The Corner

Roman Consuls Don’t Look So Bad

By common consensus, 2013 was one of the worst years for American politics in recent memory, though it certainly got strong competition from 1998 and 1974, to list a few others. The palpable tension over what this year will bring, be it Obamacare, Iran, China, or whatever, is just a symptom of an increasingly disillusioned citizenry, cynical intelligentsia, and overwhelmed political class.

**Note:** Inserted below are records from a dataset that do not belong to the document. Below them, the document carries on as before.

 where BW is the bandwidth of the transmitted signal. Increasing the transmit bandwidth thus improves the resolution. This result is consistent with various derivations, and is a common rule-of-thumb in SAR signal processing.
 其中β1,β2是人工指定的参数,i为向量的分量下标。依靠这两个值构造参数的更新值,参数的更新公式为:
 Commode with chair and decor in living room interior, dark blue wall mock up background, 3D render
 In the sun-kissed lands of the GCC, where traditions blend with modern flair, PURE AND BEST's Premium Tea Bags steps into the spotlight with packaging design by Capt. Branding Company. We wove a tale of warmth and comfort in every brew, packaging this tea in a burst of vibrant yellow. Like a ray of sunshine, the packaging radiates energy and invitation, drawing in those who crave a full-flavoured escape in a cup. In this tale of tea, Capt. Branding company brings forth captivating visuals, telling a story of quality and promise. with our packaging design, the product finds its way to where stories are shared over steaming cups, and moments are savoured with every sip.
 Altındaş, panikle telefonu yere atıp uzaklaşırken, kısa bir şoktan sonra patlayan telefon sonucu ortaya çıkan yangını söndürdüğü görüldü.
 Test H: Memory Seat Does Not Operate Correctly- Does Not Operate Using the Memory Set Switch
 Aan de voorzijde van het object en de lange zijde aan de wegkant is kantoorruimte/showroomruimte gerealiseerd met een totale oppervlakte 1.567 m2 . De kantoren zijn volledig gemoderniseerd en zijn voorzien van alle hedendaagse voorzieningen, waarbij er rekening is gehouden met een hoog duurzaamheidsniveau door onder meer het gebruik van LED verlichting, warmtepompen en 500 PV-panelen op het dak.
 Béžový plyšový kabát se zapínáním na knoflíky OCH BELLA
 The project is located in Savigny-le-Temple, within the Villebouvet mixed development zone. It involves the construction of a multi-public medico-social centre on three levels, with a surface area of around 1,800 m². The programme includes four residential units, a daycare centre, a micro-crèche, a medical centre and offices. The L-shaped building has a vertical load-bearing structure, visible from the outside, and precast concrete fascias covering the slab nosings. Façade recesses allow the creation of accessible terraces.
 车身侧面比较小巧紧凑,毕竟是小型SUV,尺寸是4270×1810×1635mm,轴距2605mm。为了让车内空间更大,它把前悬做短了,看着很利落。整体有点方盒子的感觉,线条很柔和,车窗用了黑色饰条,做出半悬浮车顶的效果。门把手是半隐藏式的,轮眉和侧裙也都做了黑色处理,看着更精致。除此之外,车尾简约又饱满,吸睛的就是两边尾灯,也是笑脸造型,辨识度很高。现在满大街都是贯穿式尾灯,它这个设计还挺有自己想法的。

So, it may be a sanguine thought this week to consider that it was on New Year’s Day when Rome’s two consuls took their office for the year. Elected annually, and for centuries prohibited from serving twice in ten years, the consuls held executive authority (imperium) for their twelve-month period. Having two consuls was meant to serve as a check at the highest level of government, but they were also balanced by the tribunes of the people. A consul could veto the actions of his counterpart, and tribunes could do the same to the consuls. The system was designed to inculcate conservatism in policy, since radicalism and the disorder it engendered was the greatest fear of the Romans. Most consuls, maybe because they were not overly skilled or ambitious men, did not go in for dramatic changes or policies.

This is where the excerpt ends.